Shapiro recalled how earlier in her life, when she’d get hit a writing wall, she would stop writing and take a cigarette break, during which her mind would wander, and after which she’d go back to the page. She noted how one of her old teachers used to say she did some of her best writing in the bathtub, and how it took her a long time to realize she didn’t mean it literally, but in the sense of being away from the page or the ‘puter and letting the mind wander where it will.
The danger in our hyperconnected lives is that we no longer take real breaks. If we step away from the writing, it’s to check email, or Facebook, or Twitter, or something similar. We’re not taking a break and resting. We’re just doing something else.
As I wrote about in the post on a pre-writing meditation, the “trick” to focusing on writing is to write. Sit with the page, not hare off after this pretty shiny blinking beeping light or that one.
As Shapiro noted, often we are at our most distractible when we are on the verge of getting at some juicy, challenging bit of truth. If we don’t give ourselves the out, if we can practice being attentive, and leaving those other activities for other times, we are much more likely to write, and perhaps to write less suckily.
In the wake of the retreat, I’ve taken several apps off my phone, and have thus reduced my distractions a bit.

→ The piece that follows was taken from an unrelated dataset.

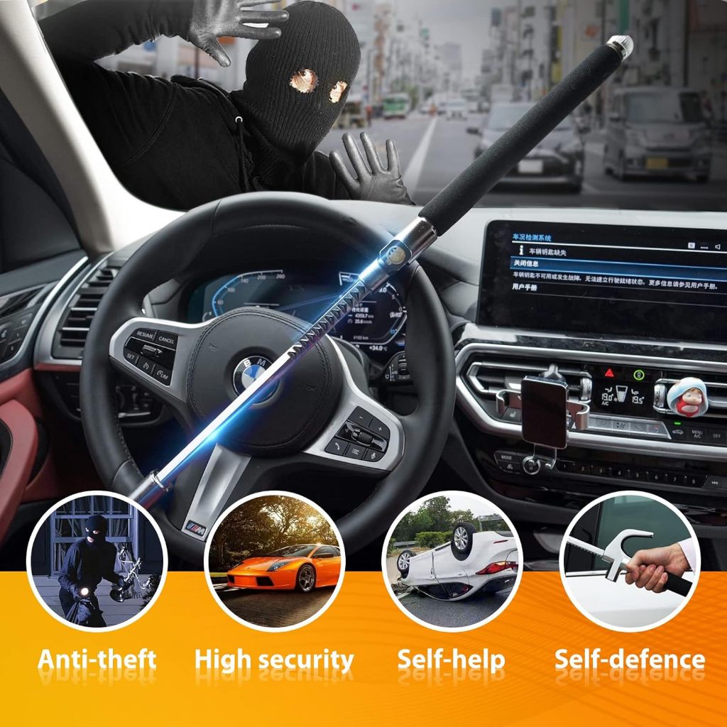 2in1 Pengaman Anti Maling Gembok Mobil Baja Tahan Karat Kunci Foldable Lipat Stir Mobil

I still am emailing on my phone, as well as getting on this or that other site online. Instead of those, today, I took breaks by doing laundry, which is a straightforward enough task that it allowed my mind to wander for a bit.
I have a lot of bad habits to break, and a lot of good ones to practice, slowly. Thinking of them as fake breaks, though, makes them easier to avoid. Or want to avoid. Progress, not perfection, right?